Giving birth is such a momentous occasion and your incredible body really is put through its paces! Recovering from giving birth is another thing in itself. You are coming to terms mentally and physically with a huge amount of change. Some new-mums say they feel as if they are in a bit of a surreal, dream-like world. You’ll likely be incredibly tired and your hormones might take you on a bit of a roller coaster of a journey.
Factor in a premature birth and consider that you may not have felt fully prepared mentally, physically or practically when the time to deliver your baby was upon you. Not only will you be experiencing the changes just mentioned but add to this, the possibility that you might also have to come to terms with yours or your baby’s health problems.
Babies born pre-term may have missed some developmental time in the womb and may need to spend time in the Special Care Baby Unit (SCBU), or Neonatal Intensive Care Unit (NICU). This is because your little one needs an environment that replicates the warm, sterile conditions of your body. They may need help with feeding if sucking reflexes are not strong and some babies will need help breathing. Staff will monitor other needs such as blood pressure and heart rate and this supervision can require high-tech machinery.
As such, it can be distressing for a parent to see their newborn surrounded by lots of noisy equipment and multiple wires but remember, your baby is in the best place, surrounded by a medical team intent on providing the best possible care. Staff share your goal, to get baby strong and healthy enough to go home with you.
As well as medical expertise premature babies also need your love, and staff will be happy to show you how you can become involved in their care and bond with your baby. It might not feel as easy or as natural to build that motherly bond with your baby when they are lying in an incubator.
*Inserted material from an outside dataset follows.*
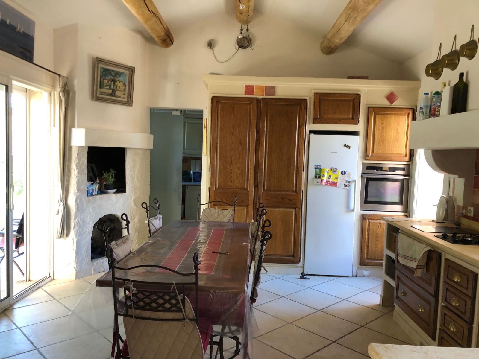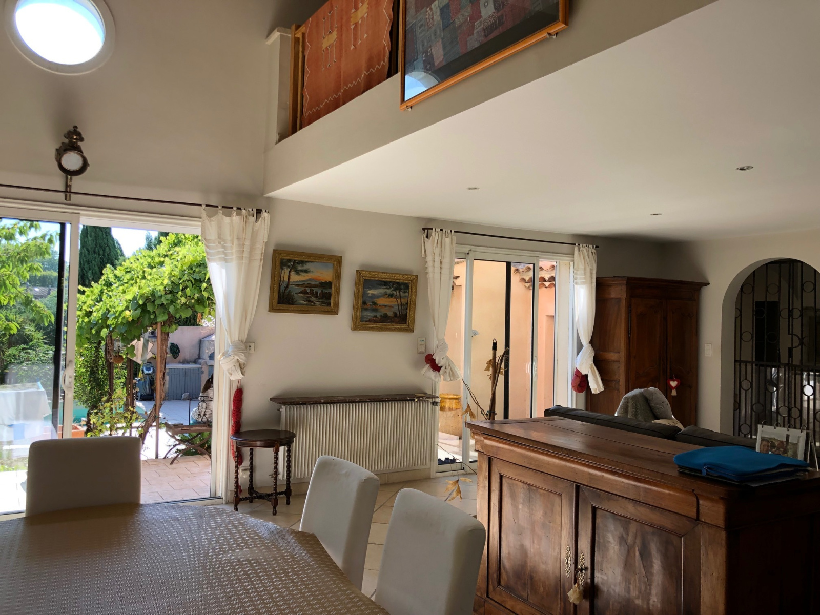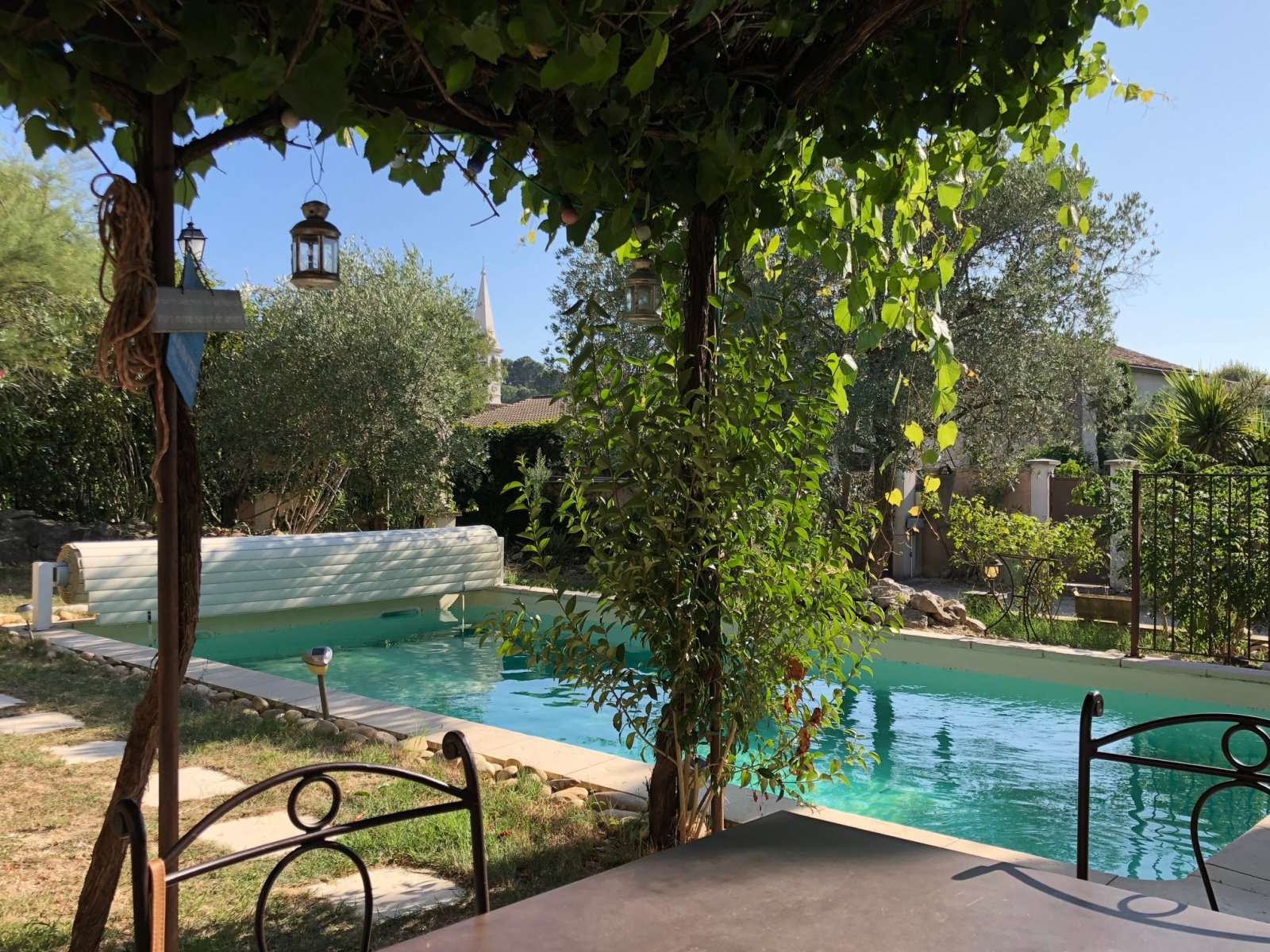 Le jardin privé s’articule avec de nombreuses terrasses autour de la piscine et un patio d'env.65m². Belles prestations : plafonds rampants et poutres apparentes, cheminée en pierres avec insert, baies coulissantes, l’eau du canal, un portail automatique avec portillon, des oliviers, palmiers et autres essences locales, donnant un cachet atypique et chaleureux à ce bien, à 2 pas des commerces du village.

Please don’t worry, this is completely normal and take one day at a time. Emotions will be running high. After all, it takes time to get to know your baby and it can take slightly longer when you don’t immediately have that skin-to-skin contact.
To help, many neonatal units in the UK will provide you with a DVD called Small Wonders which you can watch with your health care professional or alone. You can watch the films online or in the free Baby Buddy app.
37 weeks is considered full term for twins but many are born before this. Although lack of space in the womb may be a contributing factor the placenta(s) struggling to keep up with demand can also be an issue. In singleton and multiple pregnancies cervical, vaginal or urine infections can also play a part. The charity TAMBA (Twins and Multiple Births Association) has a huge range of information, advice and support for families with, or preparing for, multiples.
If you have a higher risk pregnancy and are aware your baby or babies may need a little extra care when born, you might like to visit the Special Care Baby Unit before they arrive. Familiarising yourself with the environment can remove some of your fear.
Speak with staff who, though busy, will be on hand to reassure you.